All in all, we can be sure, he would have mourned with us the state of the world now. He would have marvelled at the horror that is Trump in his simultaneously snide yet wide-eyed way. And he had pretty much predicted the post-Brexit mess Britain finds itself in: “I asked Pandora how long she would love me. She said – as long as Britain has Gibraltar.”
Life after fifty
For all our sakes, we hope Pandora continues to love him whichever way Gibraltar goes. It is this focus on his everyday concerns, over and above everything else, including his political urges, that makes him so identifiable and endearing a figure to us shiftless millions. Ordinary, like us; full of faults, foibles and unattainable fancies. And not all that different at 50, we know now from experience, having come within touching distance of that milestone ourselves.
Like many of us who matured (or didn’t!) with him, a 50-plus Adrian is only slightly tempered by wisdom. “I have never seen a dead body or a female nipple. This is what comes from living in a cul de sac,” he lamented in The Growing Pains in 1985. We have it on good authority that he has seen both since, but something of his sexual naiveté, we fancy, would not have worn off.

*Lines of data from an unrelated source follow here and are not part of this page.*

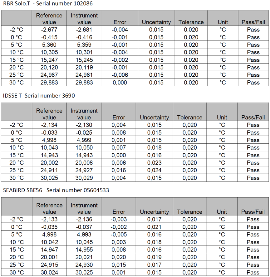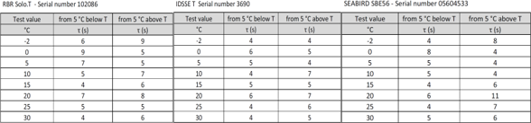 20186月開始,Trescal機構選取了海鳥(SBE 56)RBR (Solo.T)NKE(S2T)NKE(WiSens)等國際上知名海洋傳感器制造商供應的同類溫度傳感器,進行比測試驗,在長達24周的測試期內,分別完成了測量精度、響應時間等一系列性能測試。測試結果顯示:RBR Solo.TIDSSE TSBE 56的測量誤差均不超過±0.020℃,其中RBR Solo.T的最大誤差為-0.006℃IDSSE T的最大誤差為0.016℃SBE 56的最大誤差為0.020℃;在響應時間測試中,RBR Solo.TIDSSE TSBE 56的系統整機響應時間均維持在11s以內,測試結果比對圖如下:
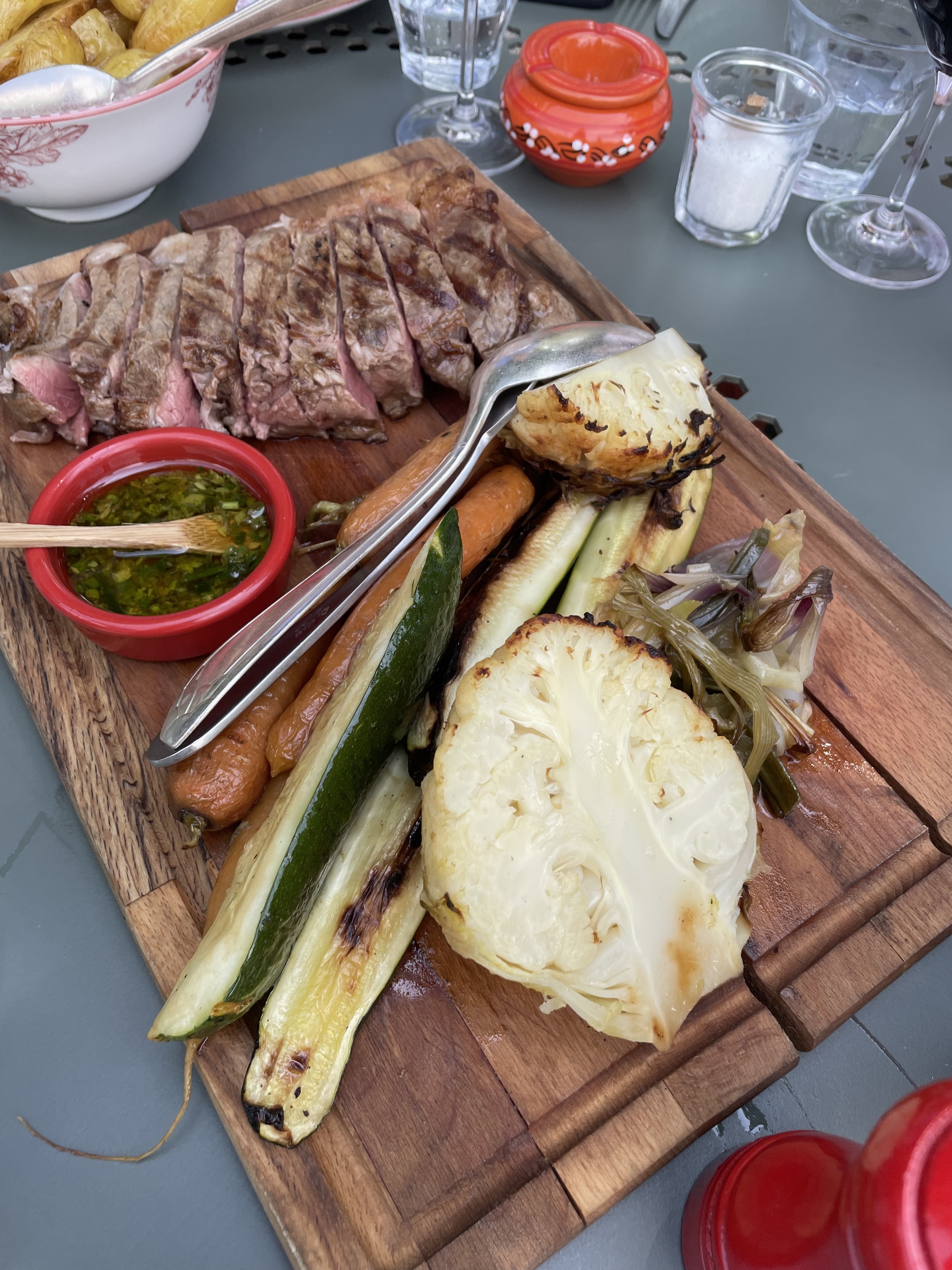 Ambiance et accueil chaleureux. Grillades au feu de bois parfaites. Légumes de saison grillés comme il faut même pour celui qui doute qu'on peut se régaler en mangeant des légumes Une carte des vins tentantes et bien fournie Bref, tout pour passer un délicieux moment
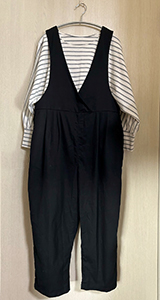 かたやまゆうこさんのドルマンスリーブのカットソーと、美濃羽まゆみさんのサロペット風パンツです。カットソーはずいぶん前に作ったのですが、最近作ったサロペット風パンツと合わせてみたら、とてもよく合い、最近気に入ってるコーディネートです。
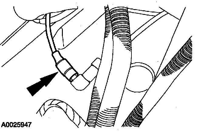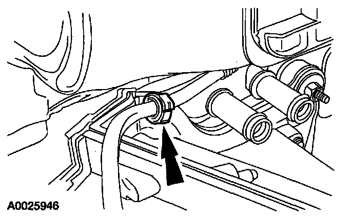 - On the RH splash shield, disconnect the vacuum lines from the vacuum storage reservoir.
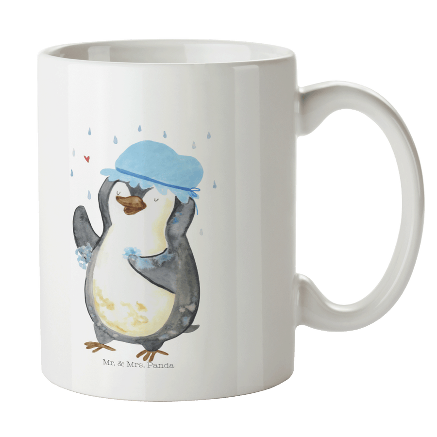 Tasse Pinguin duscht - ohne Spruch - Weiß
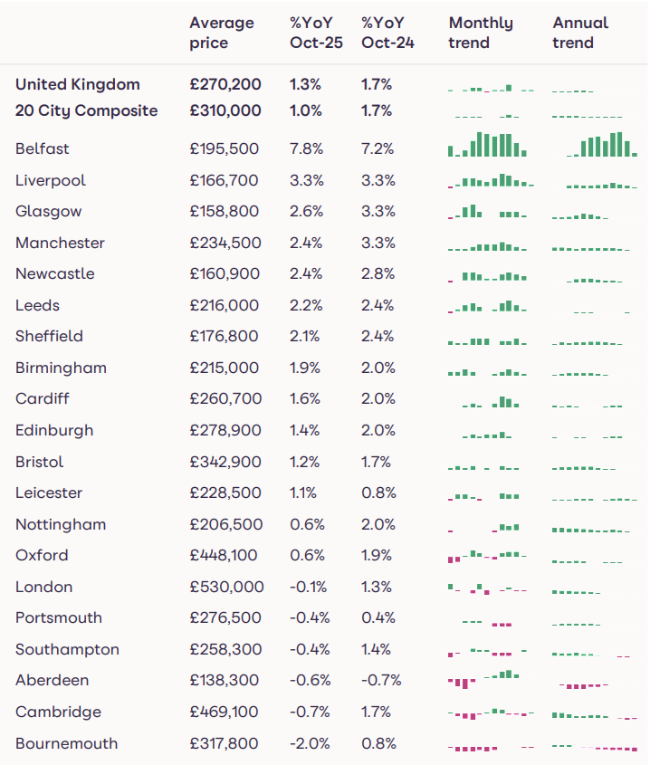 Genel olarak Birleşik Krallık Konut Fiyat Endeksimiz, ortalama fiyatların bir yıl öncesine göre %1,3 daha yüksek olduğunu gösteriyor. Bu oran geçen ayla benzer seviyede ve geçen yıl kaydedilen %1,7 yıllık artışın yalnızca biraz altında.
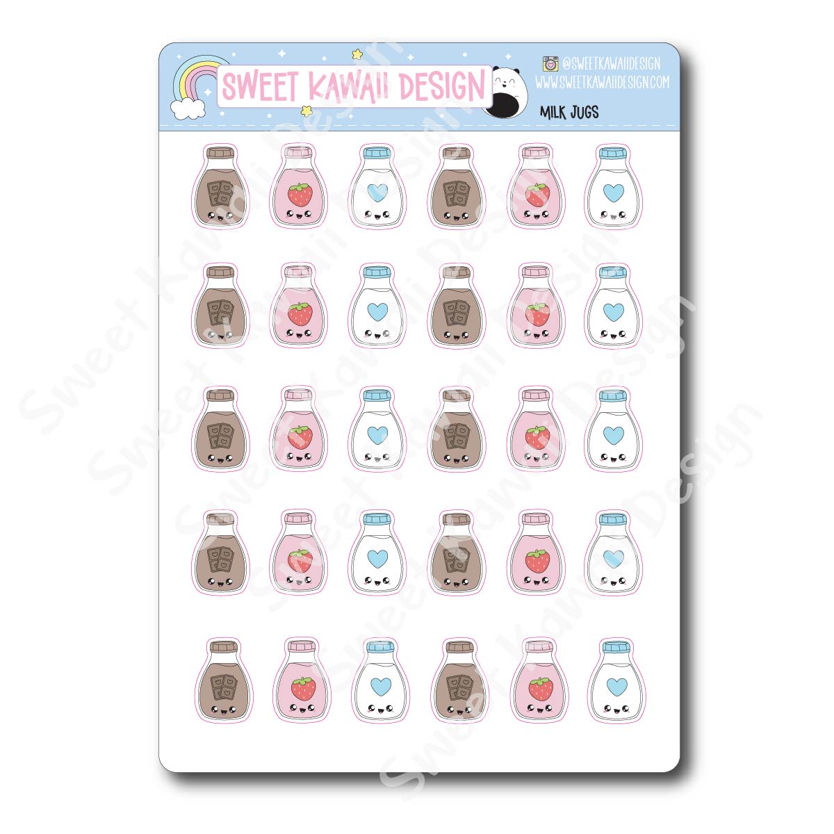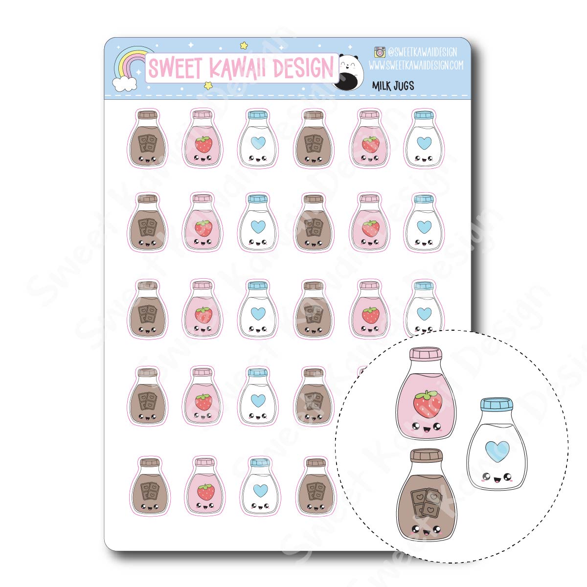 A cute sheet featuring milk jugs in chocolate, blueberry, and strawberry, perfect for adding a playful pop to your spreads.

“I was racked with sexuality but it wore off when I helped my father put manure on our rose bed”. And now with his fortunes in both love and health on the turn, we can almost hear him crowing again, “My skin is dead good. I think it must be a combination of being in love and Lucozade”.
His parents might have been a touch more profligate than ours, and his life full of more twists and turns, but his traits are our own, and of our times. He exhibits the same voyeurism and schadenfreude (“I used to be the sort of boy who had sand kicked in his face, now I’m the sort of boy who watches somebody else have it kicked in their face.”), that curious mix of intellectual cocksureness, with ego-wobbles and victimhood (“None of the teachers at school have noticed that I am an intellectual. They will be sorry when I am famous” or “It is no surprise to me that intellectuals commit suicide, go mad or die from drink. We feel things more than other people. We know the world is rotten and that chins are ruined by spots”) and even helicopter parenting (“I fear I am losing the battle to mould William’s character to my own satisfaction. He’s only six, but at his age Mozart was selling out concerts all over Europe”). In other words, Adrian Mole is all that is good and bad about us.
So, ladies and gentlemen, Adrian Mole alumni, please raise your glasses to A Mole – philosopher, beloved underachieving friend, Millennium Man and Everyman – on his getting to 50 in inimitable style, despite our many justifiable worries that he never would.
Let us drink to Pandora-love and dorkily ever after!